Viele Bürger können von bezahlbarem, schönen Wohnraum nur träumen

Das sind Zustände, von denen viele einheimischen Familien nur träumen können. Denn der deutsche Durchschnittsmichel muss rechnen und kann sich – selbst mit gutem Vollzeitjob – selten eine 220-Quadratmeter-Altbau-Wohnung zur Miete in einem gutbürgerlichen Hause leisten.

Für diese Bürger heißt es, wenn sie mit Kind und Kegel eine (neue) Wohnung suchen: Anstellen, anstellen und nochmals anstellen. Besichtigungen erinnern heutzutage lange schon an das Schlange stehen nach Bananen, Schallplatten & Co. in tiefsten DDR-Zeiten. Und das nicht nur in Berlin, wo viele der #wirhabenplatz-Fraktion in Massen zu Besichtigungen von angebotenen Wohnungen pilgern.

Wohnungen sind derzeit – vor allem in den deutschen Großstädten – knapp. Die familiengerechten allemal. Bevorzugt schon heute mancher Vermieter die “ruhige Einzelperson”, so wird sich das sehr bald noch verschärfen. Der gutmütige Wähler kann sich dann bei der aktuellen Bundesregierung, die kollektiv dem Klimawahn verfallen ist, bedanken. Denn an wen wird wohl ein Vermieter, der am Ende des Tages die Hälfte der Kosten für Öl oder Gas tragen muss, vermieten? An die Familie mit zwei Kindern, wo das dritte unterwegs und die Mutter womöglich wegen einer Risikoschwangerschaft daheim ist und die Wohnung schön warm haben will?

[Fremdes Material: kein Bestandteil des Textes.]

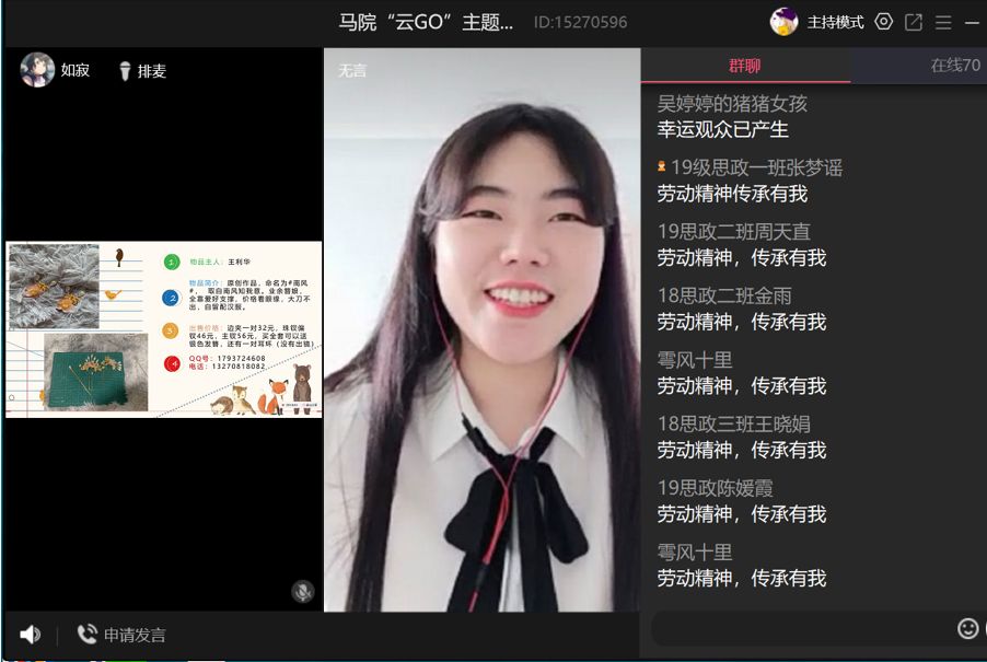 5月1日上午,6165金沙总站官方入口成功举办了“五一”线上专题分享会――“云Go”,此次活动面向学院内外征集相关手工作品,并以直播形式进行拍卖,老师和同学们积极参与其中,首期直播由思想政治教育2018级(1)班的杜芮主持。

Oder an das Paar mit dem einen Kind, das komplett im Homeoffice arbeitet und es während der Arbeitszeit daheim im Winter oder an kühlen Frühlingstagen schön mollig haben möchte?

Oder vermietet ein Vermieter vielleicht eher an einen – sagen wir – Ingenieur, der viel beschäftigt und unterwegs ist und am Wochenende zur Freundin fährt? Und der deshalb wohl kaum eine  Heizkosten-Abrechnung in schwindelerregender Höhe fabriziert, die man als böser Vermieter (der man ja für die linksgrünen Politiker hierzulande ist) dann noch hälftig zu übernehmen hat?

Dreimal darf man raten! Und sich freuen, wenn man das Wohnen in der eigenen Immobilie genießen kann. Aber bitte ohne Einliegerwohnung oder anderweitig vermietbaren Wohnraum. Denn das macht als Vermieter nun so gar keinen Spaß mehr.  Allerhöchstens auf die Vermietung von Ferienwohnungen kann man noch setzen.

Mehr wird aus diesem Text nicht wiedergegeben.